Losing a Scholarship: How Your Scholarship Can Be Taken Away

Winning a scholarship to pursue your program of interest is certainly exciting. Unfortunately, most students and successful applicants don’t know there are strict criteria for maintaining the scholarship, especially for renewable scholarships. Students should understand the terms of their scholarship if they want to graduate. Doing the following can get your scholarship revoked.

1. Changing your school or major

You should read the fine print of your scholarship details. Most scholarships award applicants according to their majors. For instance, if you are applying for a scholarship in the STEM field or pursuing an online doctorate in education leadership, don’t think of changing your study program after the scholarship goes through. Doing this is an easy way of losing the money.

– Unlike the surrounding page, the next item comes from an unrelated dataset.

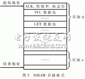 在同一个通信过程中,ACK序列号转换、校验和的转换、发起连接的SYN、GET数据包和定时器标志位等信息都需要存储,由于每个数据流需要存储的内容较多,单一的地址已经无法满足存储要求。此处存储管理采用页面式的管理方式。将整个存储空间分为若干页面,每个数据流信息存入一个页面中。SSRAM的存储格式如图5所示。

While you can still pursue your program of interest, changing your major can void your scholarship. While you can switch if you don’t like the field or the course funded by the scholarship, you’ll have to look for alternative funding.

2. Not meeting the required grades

Most students lose their scholarships because of failing to maintain the required GPA. All Scholarships have minimum GPA requirements that interested students should pass to apply. For instance, students may be required to have at least a 3.2 GPA to apply for a fully-funded scholarship in the history major.

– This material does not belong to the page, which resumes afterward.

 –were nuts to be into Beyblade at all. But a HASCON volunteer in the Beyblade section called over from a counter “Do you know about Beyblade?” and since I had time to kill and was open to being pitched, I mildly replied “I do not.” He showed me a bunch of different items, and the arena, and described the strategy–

Unknown to most students, this requirement doesn’t end after they’ve received the scholarship. Students should maintain these grades to secure continuous funding. Students should use the GPA cutoff for applications as a baseline and work towards improving their grades. If you’ve been struggling with classwork, schedule a meeting with your teachers and academic advisers to discuss how they can help.

Not meeting these academic requirements is a sure way of losing a scholarship. Some scholarships have additional requirements that students should adhere to. For instance, you may be required to meet minimum volunteer hours, complete projects, or attend annual workshops. Always check these requirements.

3. Irresponsible behavior

Most students don’t know, but those who fund scholarships follow up on academic performance and the general behavior of funded students. Living the typical post-secondary school life depicted in movies and TV shows, where drugs, sex sessions, and music is life, can void your scholarship.

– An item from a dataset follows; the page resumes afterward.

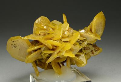 This specimen is a full floater and well crystallized all around. It has two generations of yellow and orange-yellow wulfenite. The composition is very fine, it is very 3-dimensional and there are several well isolated crystals in the cluster. The biggest crystal, the one on the left side, measures 2.5 cm across. The front side is in great condition and there is no damage of any significance. Ex Walter Knobloch specimen.

For starters, leading such a lifestyle hurts your grades. Secondly, most scholarships have specific or vague discipline requirements. How you behave in real life or on social media will always be monitored. If scholarship providers don’t like how you behave on and off campus or your social media habits, they can cut funding.

4. Lying on your resume

Scholarship providers don’t tolerate lies and inaccurate information in scholarship applications. Most scholarship application forms state that providing false information cannot be tolerated. You shouldn’t lie about your grades, volunteer programs, extracurricular accomplishments, and other requirements. If they find out that you lied or provided inconsistent information in your resume, your scholarship is immediately revoked.

Endnote

Winning a scholarship is the beginning of a student’s engagement with providers. Getting funding for your studies essentially means you also agree to adhere to various laid down provisions of the funding organization. You should read the terms in detail to avoid losing your hard-earned scholarship.